My dream array would have no battery. Like Adaptec's server RAID cards, it would use an ultra-capacitor and flash instead. When the power fails, it dumps its write cache to MLC flash, which shouldn't take more than a minute or so.
I've always found cache battery maintenance annoying. Having to bring down a server or storage array to change the battery is like taking your car to the shop because the spare tire is flat. No fun, no progress, but reduced productivity and for most of us in the mid-market, a lost evening or weekend day. I sure hope more vendors jump on the ultracapacitor and flash bandwagon, so that in a few years we can look at cache batteries with the disdain we now have for removable disk packs.

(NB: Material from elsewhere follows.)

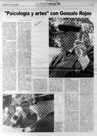 Psicología y artes" con Gonzalo Rojas [artículo] / Luis Contreras Jara. La Discusión (Chillán, Chile)-- ene. 11, 2004, p. B7 (suplemento "Cuerpo Dos"). retr. .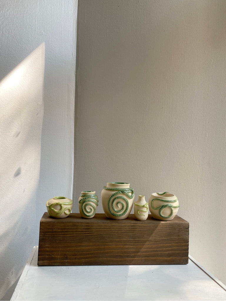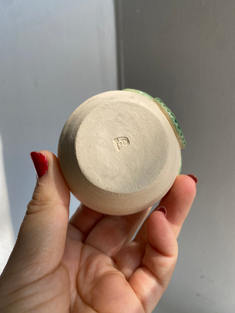 One of a kind wheel thrown mini stoneware pot with hand coiled and detailed snake.

The dream array would use SAS as the exclusive drive, and a JBOD interface. Now that Seagate and the other drive vendors are shipping both 15Krpm performance oriented and 5400-7200RPM capacity oriented drives with dual port SAS interfaces, we can standardize on SAS. As a JBOD interface, a single SAS cable carries three times the bandwidth of an 8gbps FC loop at a significantly lower cost. Even with the additional bandwidth, the SAS expander based drive chassis has to be less expensive to produce than FC SBODs, since the expander chips are off-the-shelf silicon.
The drives would include on drive disk encryption with the array controller handling all the keys so I can send failed drives back to the factory for credit without worrying about my data.